Operational definition:

Increase color _________ with _________ makes it ______________.

Increase color ____________ and color __________ makes it _____ ________.

Notice how two variables combine to affect a third variable. (formal operational characteristic)

Formative

1. When students have the six colored liquids, ask them to conduct an inquiry activity to create and write their own recipes for making cool colors in the medicine cups or test tubes.
2. Allow the students to explore with their colors and see what they create.
3. Remind students all color combinations or recipes must be carefully measured and recorded in their Lab notes so they can explain to the other groups how they might create those colors or how they can keep the company secret recipe to make more.
Lab sheets:

Name _______________

Lab notes - Making a Rainbow
Measuring Liquid Volume with a Graduated Cylinder

Purpose: In this activity you will use a graduated cylinder to measure volume in the metric system.

Materials:
Red, blue, and yellow water, created with red, blue, and yellow food coloring, 3 cups, 6 small containers or test tubes with test tube holder, small graduated cylinder, eye dropper

Procedure:

1. Label each small container A, B, C, D, E, or F
2. Pour about 25 mL of each or the three colors (blue, yellow, and red) of water into three cups to use to make a rainbow of colors in the containers A - F.
3. Measure 9.5 ml of red water into container A
4. Measure 9 ml of yellow water into container C
5. Measure 9 ml of blue water into container E
6. Measure 2 ml from container C and pour pour it into container D
7. Measure 3.5 ml from container E, pour it to test tube D,
8. Measure 2 ml of blue water into container F,
9. Measure 3.5 ml of red water into container F,
10. Measure 4 ml of water from container A and pour it into container B
11. Measure 1.5 mL of water from container C and pour it into container B

Observations and Data:

Measure the total amount of water in each medicine container or test tube. Record it and the final color in the chart below.
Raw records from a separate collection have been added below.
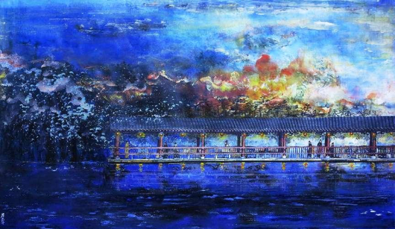 君寿认为,夜色柔光漫洒,是温和平静的,与之白天的光线、色彩相比,它没有躁动的直感。万物的本色在夜光中会变换出无尽的色彩,给人以无限的遐想,喜乐哀忧、诗情画意尽在梦境的夜色中,无边无际的延伸去发现夜色的美并置身其中。所以在众多绘画题材中,君寿尤为喜爱夜色,创作了《夜色廊桥》这一作品。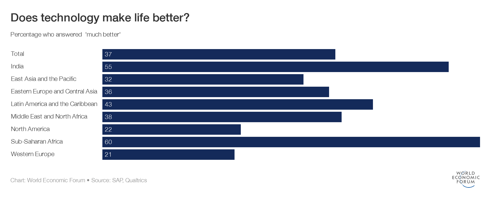 Over 55 per cent Indian respondents said technology has made their lives better, while only 22 per cent of Western Europeans felt the same. On the other hand, 60 per cent of those from Sub-Saharan Africa felt new technologies had enhanced their “personal relationships”, “society” and “jobs”.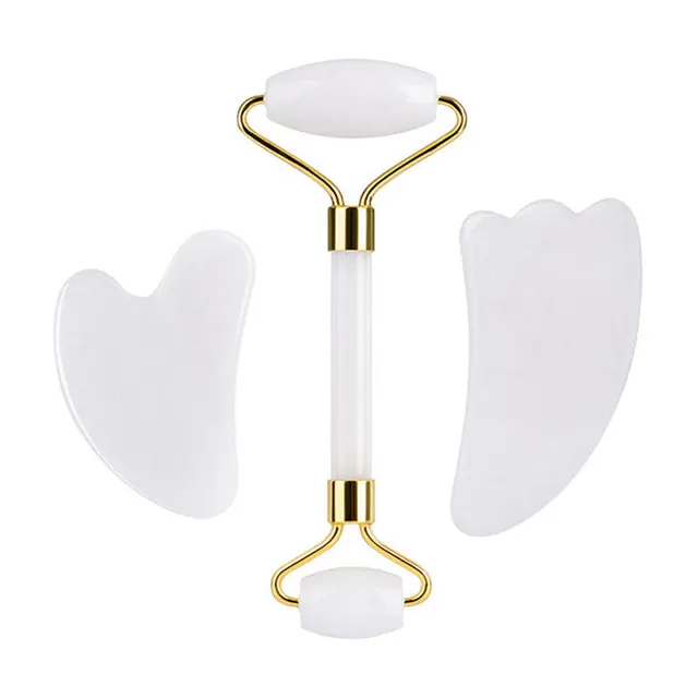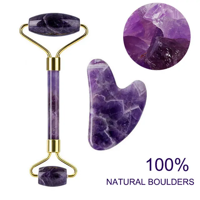 Ролик для лица Gua Sha массажер гуашь скребок натуральный аметист Роза нефрит камни ролик и Гуаша набор уход за кожей лица Инструменты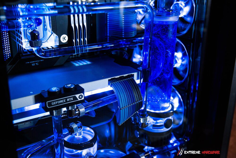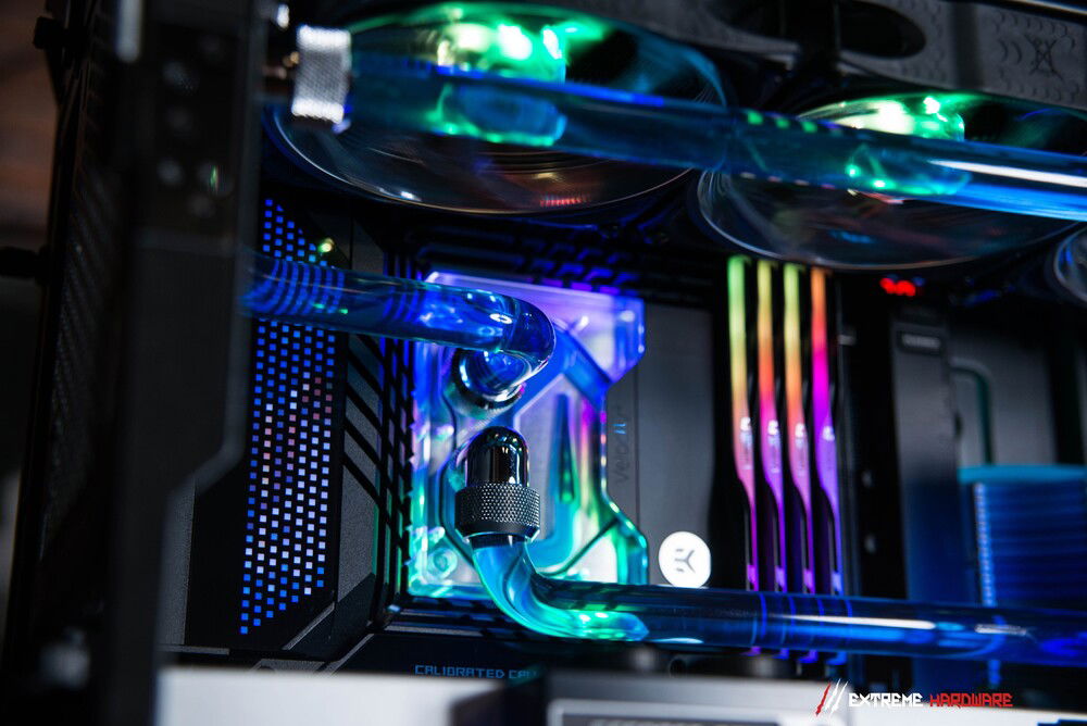 Although in the final phase of finalizing the project, the RTX 4090 slowly settled on the market, the current owner of the configuration decided to stay with the RTX 3090 variant, i.e. the proven design of the top Ampere, and change the GPU to the RTX 5090. The powerful GA102-300 is doing great in the resolution of 3440x1440p and DLDSR 5160x2160 100 Hz for which it is used. The i9-12900KS also remained unchanged despite the imminent launch of the i9-13900K at that time. After all, the top Alder, after appropriate adjustments, is in the top of the fastest CPUs in terms of driving the top GPU, and also emits much less heat to the system. The CPU needs only around 1.26v to run stable on the 5.2 / 41 / 44 profile, not only in games, of course, but also under full load during long-hour load tests. Generally, at the request of the person for whom the machine was created, it was important to stay with the Z690 EXTREME, i9-12900KS and RTX 3090 STRIX and four DDR5 modules. The material appeared on YT with a significant time slip, but it is known that each worklog appears sometimes and several months after the implementation of a given project :)

Test Tube Color of Water Total Vol. (ml)
A
B
C
D
E
F

Conclusion: Write two things you learned from this lab.

Lab notes - Creating More Colors

Purpose:

Materials:

Red, blue, and yellow water, medicine cups or test tube stand and 6 test tubes, 3 small containers or cups, small graduated cylinder

Procedure:

1. Continue your investigation and create a color pallet of six colors with combinations of the primary colors.
2. It is your choice to select at four of your six colors.
3. Record the recipe for each color you select as part of your pallet to share with the class.

Recipes for four colored liquids.

Conclusions — How could you use or extend what you found?